On dispose donc de nombreuses données bibliographiques qui permettront une bonne validation des simulations. En effet, le nombre d’observations reportées nous permet d’identifier les paramètres clés d’un écoulement en jonction, en étant sûr qu’il ne s’agit pas d’un cas d’écoulement isolé, peu observé, ou non reproduit.

L’état de l’art concernant les études sur les jonctions montrent cependant qu’elles ont essentiellement pour but la reproduction d’écoulement en rivière. Il faut donc vérifier la généralisation de ces résultats au réseau d’assainissement (qui va se différencier dans la forme des

branches –quelconque en rivière, prismatique en réseau-, les rugosités rencontrées, les débits mis en jeu, etc.). Les études numériques ont utilisé différents modèles de turbulence (k-ε standard pour Bradbook et al., 2000 ; k-ω pour Huang et al., 2002 ; k-ε RNG pour Shakibainia et al., 2010) avec une bonne capacité des modèles à représenter l’écoulement en jonction.

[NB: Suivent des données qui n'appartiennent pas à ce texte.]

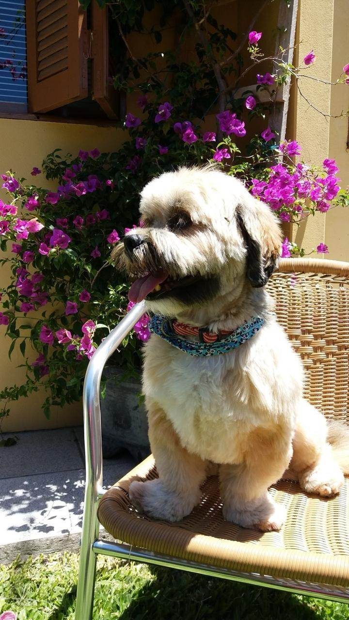Tibet é um cão saudável, feliz e com energia. Se alimenta de ração, toma banho tanto em casa quanto na PET, adora passear de carro e ganhar carinho
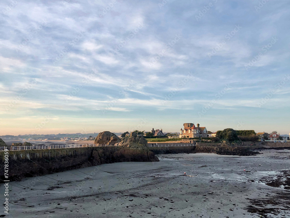 Panoramic view of the tidal zone near La Rocque, Jersey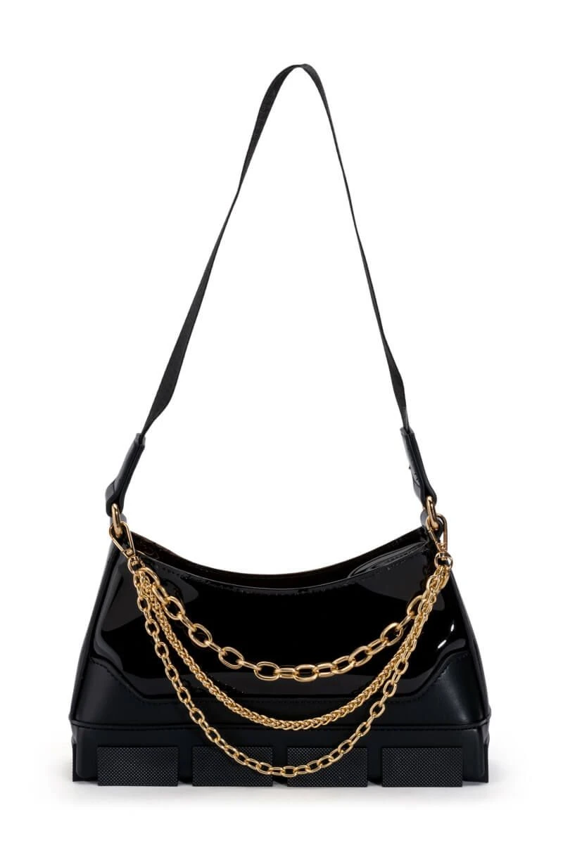 The AKIRA Label Street Fighter Rubber Bag in Black is made from a translucent PVC body, with a faux leather and rubber base. It features a detachable faux leather shoulder strap, mini purse silhouette, and detachable gold chain links. Complete with a top closure and woven textile strap handle.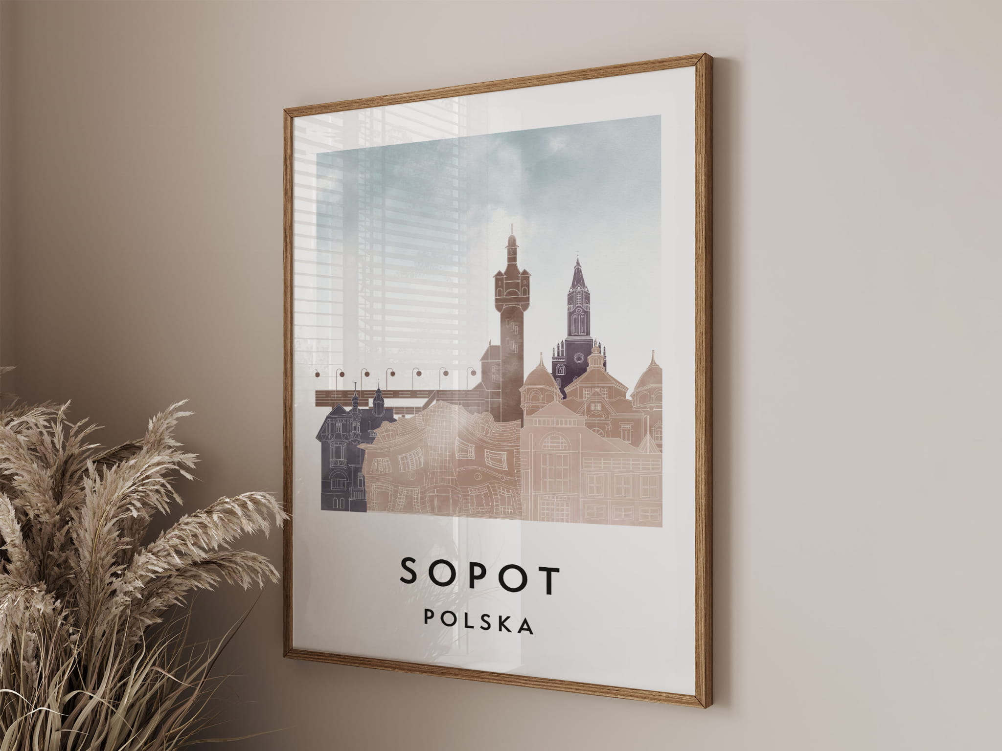 Plakat do salonu skylines Sopot stylu Watercolor/ Akwarelowym

Les choix concernant les algorithmes de couplages pression-vitesse est souvent indiqué (PISO, pour Huang et al., 2002, choisi pour sa robustesse ; SIMPLE pour Shakibainia et al., 2010). Enfin, Shakibainia et al. (2010) indique également leur schéma de discrétisation (Power-law, qu’ils préfèrent au Second-Order Upwind pour des questions de difficultés de convergence). D’une manière plus générale, l’écoulement en bifurcation a déjà été testé avec de nombreuses stratégies de modélisations, fournissant nombre de résultats de validation. Cela en fait un cas très intéressant pour établir notre méthodologie de simulation et pour réaliser une comparaison des performances des différents modèles. Enfin, on remarque que les jonctions n’ont pas été étudiées dans un but métrologique (influence de la singularité sur des capteurs débitmétriques placés à l’aval).